## WORK ITEM
From the first line of the data below through the line bearing "Это обозначает, что", reproduce each line exactly; do not include pictures.

****

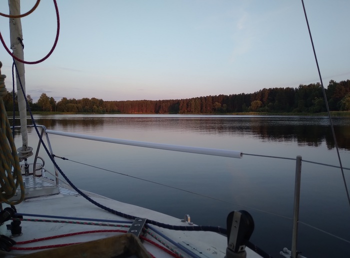 Опять медленно проплывают пригороды Твери, но настроение приподнятое - цель похода достигнута, да и прогулка по Твери оставила самые приятные впечатления. Держим курс на речку Орша, очень рекомендовали местные яхтсмены, и действительно красивая глубокая речка. Встаем к монастырскому причалу с красивой часовенкой, спросив на то разрешения. На причале монашки в окружении пятка кошек ловят рыбу. Тихий вечер, закат, словом идиллия. Началось паломничество местных кошек на яхты, видимо им в диковинку.
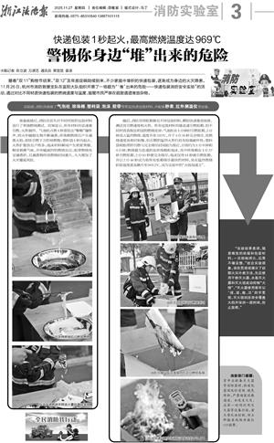 随着“双11”购物节结束,“双12”及年底促销陆续到来,不少家庭中堆积的快递包装,逐渐成为身边的火灾隐患。11月26日,杭州市消防救援支队在富阳大队组织开展了一场题为“‘堆’出来的危险——快递包装消防安全实验”的活动,通过对比不同材质快递包装的燃烧速度与温度,提醒市民严禁在疏散通道堆放杂物。
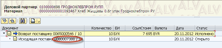 Это обозначает, что к данному заказу существует исходящая поставка. Нажимаем на галочку и попадаем непосредственно в сам заказ. Чтобы увидеть номер исходящей поставки, нажимаем на пиктограмму
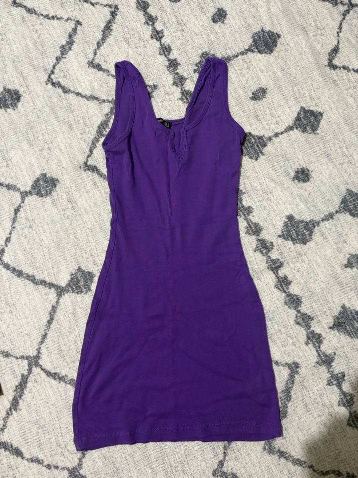 Mor renkli, V yakalı, dantelli kolsuz triko elbise. Sentetik kumaştan, bağlama desenli, midi boyda ve vücuda oturan kesime sahip. Penye pamuklu elbise 36 beden marka temsili
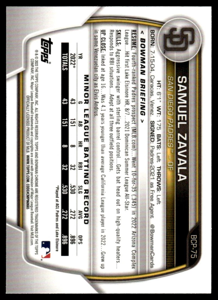 About Me Other Listings Feedback Add to Favorites Contact Me Cobos Cards and Collectibles 2023 Bowman Chrome Prospects Sapphire Samuel Zavala San Diego Padres #BCP-75 No stock photo / These are real scans or pictures Details Description: Samuel Zavala Category: Baseball Year: 2023 Product: Bowman Chrome Prospects Sapphire Team: San Diego Padres Card Number: BCP-75 Dimensions: 3½" x 2½" SKU: BL B0050 R02 C (24) Payment Card Condition is Raw, and can vary. These cards may or may not be for grading purposes do to flaws. Please look at the pictures for true condition. Shipping Cobos Cards Combined Shipping PolicyAt Cobos Cards, we strive to make your shopping experience as smooth as possible. Here's how our combined shipping works:Discounted Combined Shipping: Enjoy combined shipping at just $4 Dollar Base with $0.50 for each additional item purchased within 7 days of one another.Automatic Convenience: Shipping costs are automatically combined at checkout—no need to request a combined invoice!Maximum Shipping Cap: No matter how many items you order, shipping costs will never exceed $20.00 for eligible items in a single order.Payment Requirements: To qualify for combined shipping discounts, all items must be paid for in a single transaction.eBay Checkout Limit: Please note that eBay currently limits checkout to a maximum of 40 items per transaction.Thank you for choosing Cobos Cards for your collecting needs! If you have any questions, feel free to reach out.Additionally ( We use an AI system to list thousands of cards at a time therefore every once in a while the listing title might not be accurate. The picture of the card will always be the card you will receive) Listing By Kronocard trading cards software v2.8.2.3
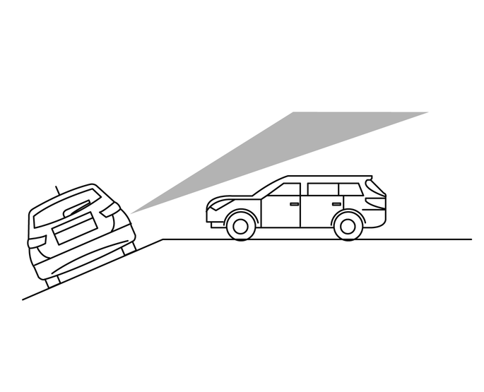 レーダーセンサーは、約15m先から近づいてくる車両を検知します。
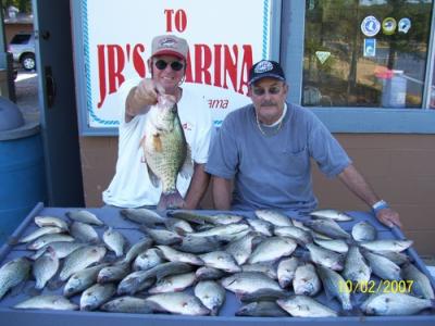 Crappie fishing is Great. The Crappie fishing has turned on with the cooling trend over the past 2 weeks, A lot of 60 fish limits have been coming into JR's Marina. The crappie are on the main Coosa River and other creek channel ledges. Bumping bottom in 10-12 feet of water with live minnows and Jiffy Jigs is producing awesome fishing. The bumping bottom technique is a 1/2 to 3/4 ounce bell sinker tied to your main line then come up 12 to 16 inches above the weight and tie a eagle claw snelled hook in size 1 or 2 style # 127 to the main line, come up another 12 inches and tie on a Jiffy Jig in colors JJ13 and JJ17, fish this rig 1 to 2 feet above the bottom on the old Coosa River channel in the Bay Springs and Yellow Creek area. Shooting docks that are on the main Coosa River channel with a 1/24 ounce Jiffy Jig in color JJ13 is still producing some good catches. Come on over to Lake Weiss Alabama and get in on some awesome fall crappie fishing !
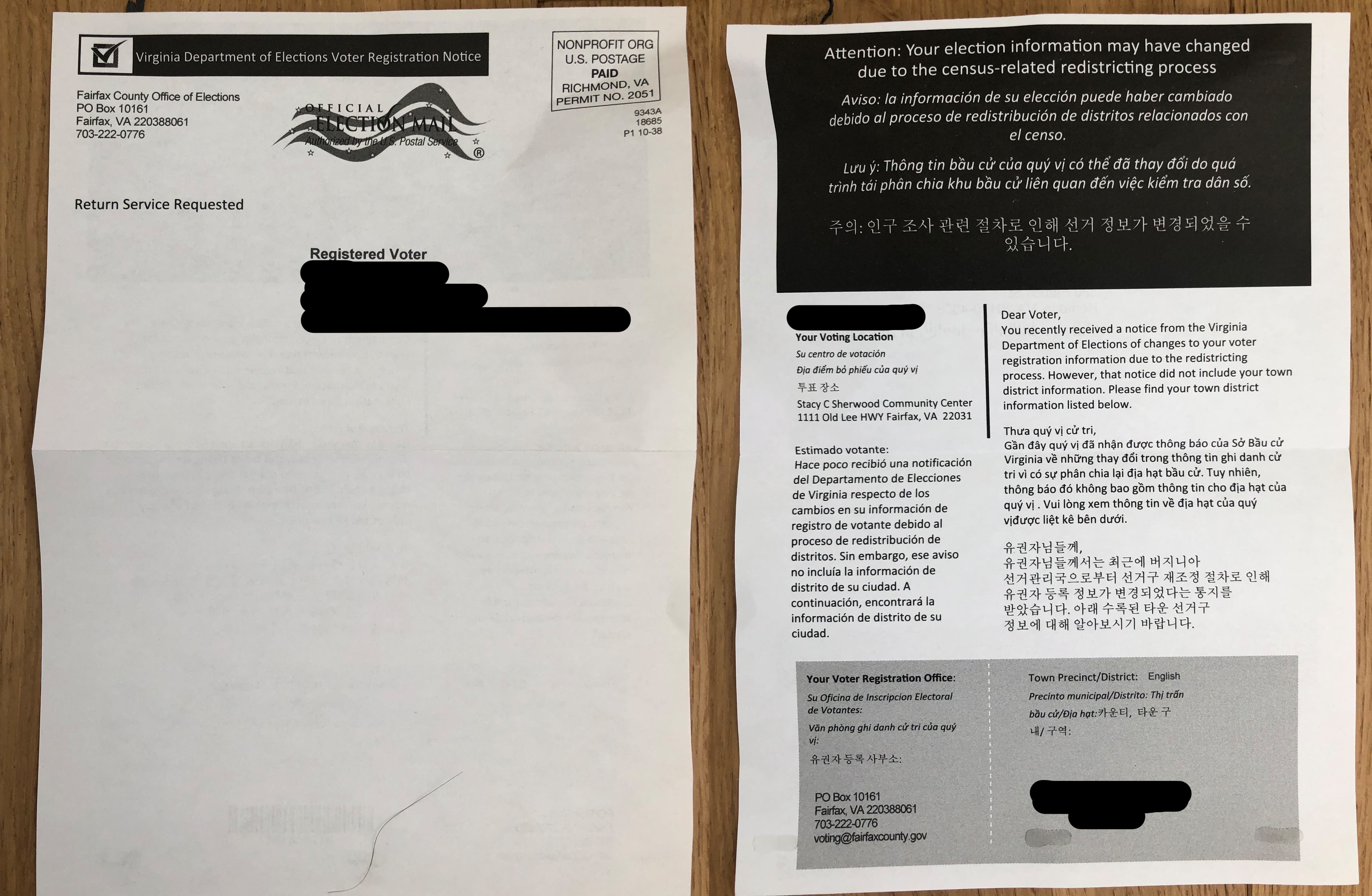 Virginia Board of Elections sent mailers with incorrect precinct information to towns in Fairfax and Prince William counties.
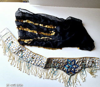 Ensemble de danse orientale, Ceinture de danse du ventre fait main et son écharpe musicale La ceinture se ferme avec du velcro, 82 cm de long l'étoile fait 13
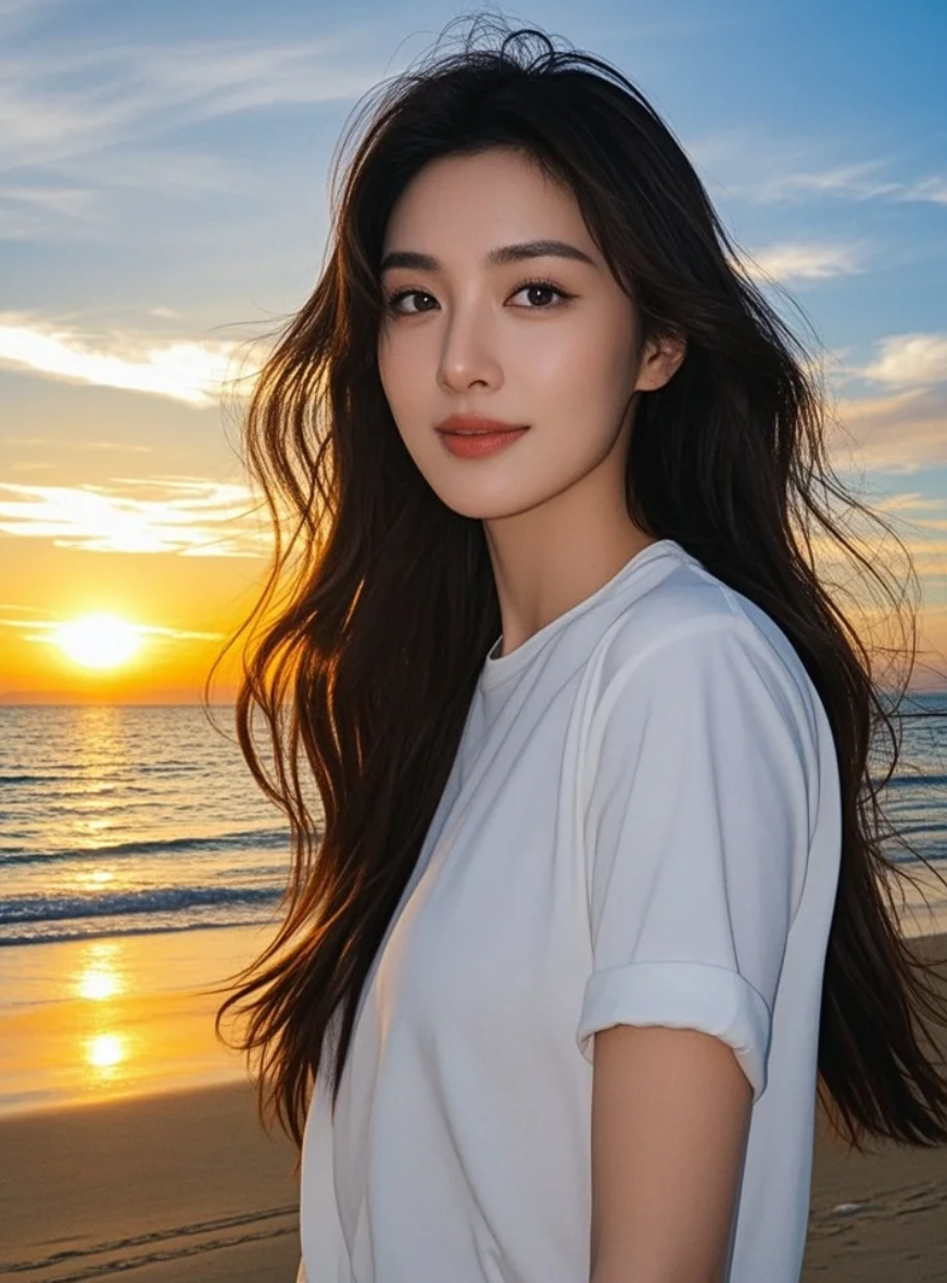 夕阳为她镀上金边,海风为她撩发
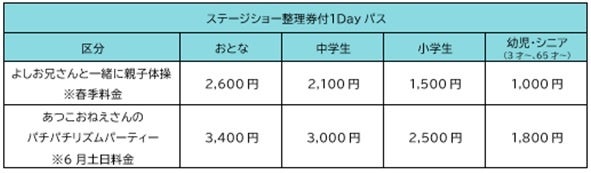 「よしお兄さんと一緒に親子体操」ステージショー整理券付1Dayパス ※数量限定
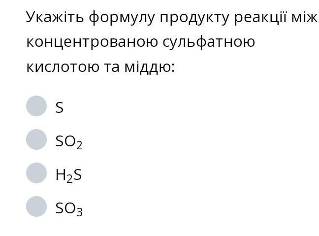 Мідь (Cu) реагує з концентрованою сульфатною кислотою (H2SO4) за утворення сульфату міді(II) та діоксиду сульфуру (SO2):
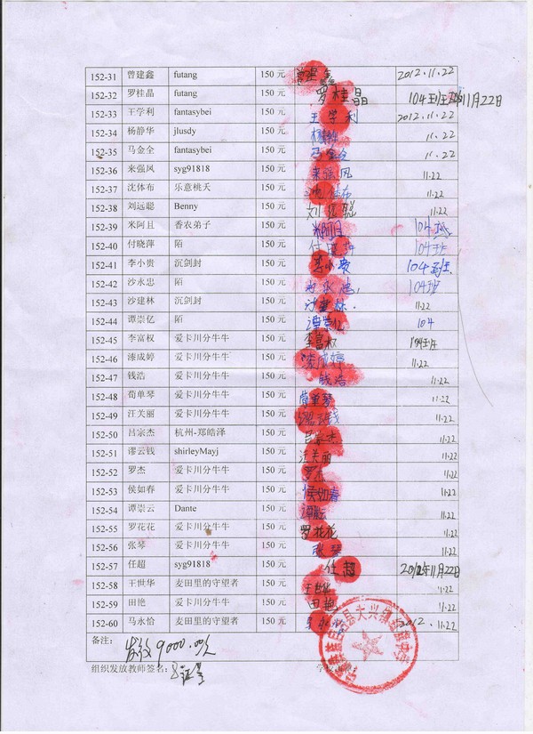 152-05----沈 阳-----女------彝族-------102班--------温岭-啊落 2012年10月28日 招行 9900.00 benny 团队汇出
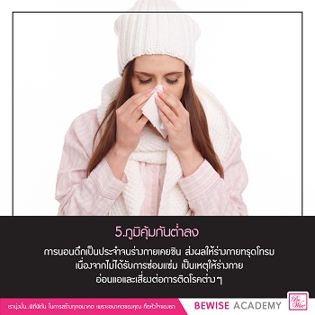 การที่เรานอนดึกเป็นประจำจนร่างกายเคยชิน ส่งผลให้ระบบต่างๆในร่างกายทรุดโทรม เนื่องจากไม่ได้รับการซ่อมแซ่มฟื้นฟู เป็นเหตุให้ร่างกายอ่อนแอ ไม่มีแรง เหนื่อยง่าย เสี่ยงต่อการติดโรคต่างๆ

****

## SOLUTION TO THE EXERCISE
 Опять медленно проплывают пригороды Твери, но настроение приподнятое - цель похода достигнута, да и прогулка по Твери оставила самые приятные впечатления. Держим курс на речку Орша, очень рекомендовали местные яхтсмены, и действительно красивая глубокая речка. Встаем к монастырскому причалу с красивой часовенкой, спросив на то разрешения. На причале монашки в окружении пятка кошек ловят рыбу. Тихий вечер, закат, словом идиллия. Началось паломничество местных кошек на яхты, видимо им в диковинку.
 随着“双11”购物节结束,“双12”及年底促销陆续到来,不少家庭中堆积的快递包装,逐渐成为身边的火灾隐患。11月26日,杭州市消防救援支队在富阳大队组织开展了一场题为“‘堆’出来的危险——快递包装消防安全实验”的活动,通过对比不同材质快递包装的燃烧速度与温度,提醒市民严禁在疏散通道堆放杂物。
 Это обозначает, что к данному заказу существует исходящая поставка. Нажимаем на галочку и попадаем непосредственно в сам заказ. Чтобы увидеть номер исходящей поставки, нажимаем на пиктограмму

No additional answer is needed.